Moreover, if people do behave this way, there is a way to make a huge amount of money off of them. Asset prices are smooth functions of gains or losses. Suppose your reference point is, you don't want to lose more than $1000 on stocks. By buying stocks and options, I can create a portfolio that will never lose more than $1000. The price of the downside insurance is a smooth function of that loss point, so it will be cheaper for me to buy that downside insurance than it will be for me to sell it to you. Or you can buy it for yourself. There is a lot of behavioral study of people's portfolios and the nutty investments they make, but we do not see pervasive buying of such downside insurance options, nor do we see the large prices such options would have if people were all loss averse.

In sum, I prefer when seeing unusual behavior to ask a bit harder "just what question is this the right answer to?" before rushing to say people are dumb and ask the government to nudge them my way.

Habits and others

Since I worked on it, I have to mention one halfway alternative - habits. See the graph. Suppose people have a lower level of consumption that they really don't want to go below. The obvious lower bound is starvation, but we all develop habits of consumption that would be super-painful to change. A hedge fund manager's wife once said at a cocktail party "I'd sooner die than fly commercial again," and that can be represented by the habit level as well.

Now, as it is, that's just another expected utility function. But here too, we make the habit point move around depending on experience. The hedge fund manager's wife was once middle class like us and thought the peanuts on Southwest were a grand treat. As you consume more, or as you observe your neighbors and friends consume more, the minimum acceptable level of consumption rises. It can also model debts and fixed costs - don't lose so much money that you have to sell the house and move into an apartment.

One reason this is different than loss aversion is that it turns out to be much more tractable for the dynamic question - how do you treat multiple bets. Not having a kink wandering around helps a lot. The strategic element is there. If the habit depends on your consumption, not your neighbor's, then when you consume more you reset your habits. You might know this ahead of time, and we can work out easily how you behave. Habits make consumption an addictive good, so when thinking about eating more today, you recognize that it will influence how you feel tomorrow. When you drink another cappuccino today, you know it will make you want another one tomorrow, and are less likely to drink today as a result. We can work those things out easily.

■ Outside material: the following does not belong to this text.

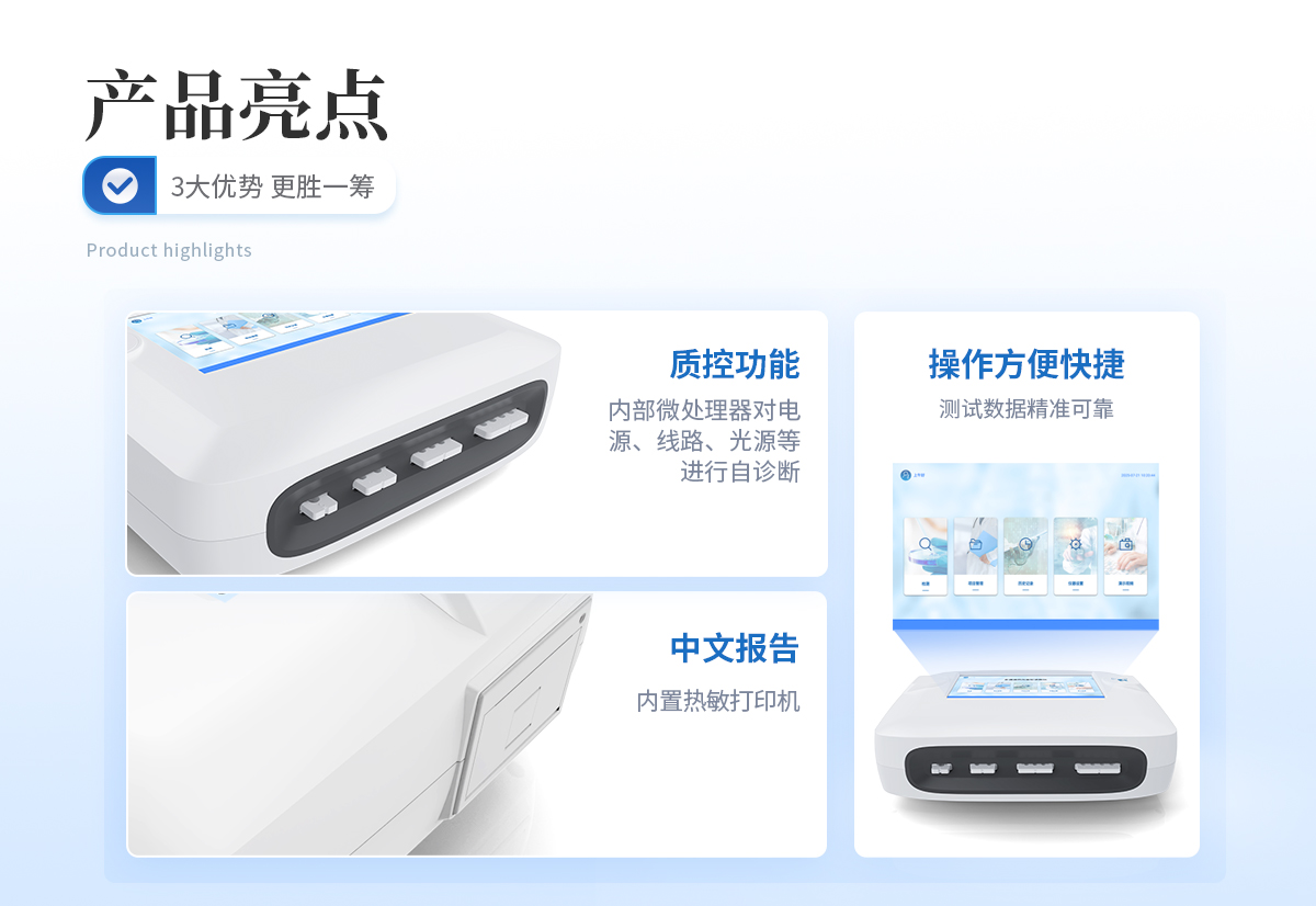 | 1、 Android觸控系統(tǒng)結(jié)合大尺寸高清屏幕,界面友好,操作簡單流暢,無需外接設(shè)備; | 2、 6通道可以同時(shí)檢測(cè)不同項(xiàng)目,顯著提升檢測(cè)效率,滿足批量樣本快速處理需求; | 3、 二維碼掃描錄入樣本信息,避免人工錯(cuò)誤 | 4、 8G超大容量內(nèi)存,支持按日期靈活查詢、預(yù)覽、刪除結(jié)果,并生成多樣化專業(yè)報(bào)告。 | 5、 內(nèi)置熱敏打印機(jī),檢測(cè)完成即可現(xiàn)場(chǎng)打印標(biāo)準(zhǔn)報(bào)告,提升工作效率。 | 6、 關(guān)鍵部件實(shí)時(shí)自診斷功能,保障儀器長期穩(wěn)定運(yùn)行。 | 7、 高速有線/無線網(wǎng)絡(luò)及藍(lán)牙,構(gòu)建完善的數(shù)據(jù)監(jiān)控平臺(tái),實(shí)現(xiàn)數(shù)據(jù)實(shí)時(shí)上傳、遠(yuǎn)程查詢、統(tǒng)計(jì)分析和監(jiān)管協(xié)同。 | 8、 豐富的接口設(shè)計(jì),輕松連接電腦、U盤、網(wǎng)絡(luò)及上位機(jī)系統(tǒng),支持U盤導(dǎo)出。 | 9、 孵育模塊為特定試紙條反應(yīng)提供**溫度環(huán)境。 | 10、 流線型結(jié)構(gòu),緊湊輕便,兼顧實(shí)驗(yàn)室耐用性與檢測(cè)需求。 | 11、 插卡判斷:檢測(cè)卡未插入檢測(cè)通道不能檢測(cè) | 12、 內(nèi)置質(zhì)控功能,可設(shè)備送檢、設(shè)備自檢、試劑卡自檢 | 13、 檢測(cè)方式:孵育檢測(cè)、即時(shí)檢測(cè)(對(duì)檢測(cè)數(shù)據(jù)復(fù)檢核實(shí)) | 14、 檢測(cè)曲線:可以對(duì)試劑卡的檢測(cè)核驗(yàn),防止誤判 | 15、 檢測(cè)結(jié)果:報(bào)告出檢測(cè)項(xiàng)目、被測(cè)物質(zhì)的濃度、檢測(cè)單位、被檢查單位、檢驗(yàn)員、檢測(cè)時(shí)間、檢測(cè)限等信息可在觸摸屏上顯示,可通過儀器內(nèi)置打印機(jī)輸出 | 16、 項(xiàng)目管理:支持檢測(cè)項(xiàng)目拓展功能 | 17、 界面設(shè)置:可修改標(biāo)題和頁尾信息,靈活展示儀器信息 |

That doesn't address the mental accounting issues, the tendency to treat bets in isolation rather than as parts of a portfolio, and so forth. But it does capture the tendency to really avoid large losses, and how 'what a loss is' shifts over time in response to gains and losses in wealth.

Two other popular approaches model a lot of challenging behavior as well. Recursive or Epstein-Zin utility is a non-expected utility model that captures lab experiments and is also analytically tractable, so it's becoming very common in macroeconomics and asset pricing. Lars Hansen has also been on a long research agenda of even more general utility functions that are "ambiguity averse," capturing that people shrink away from uncertainty that they really don't know the probabilities of. Alas, once there is a clear and tractable mathematical model, people like this seem not welcome in the behavioral finance club, which says more about academic politics than about substantive matters.

I hope that helps!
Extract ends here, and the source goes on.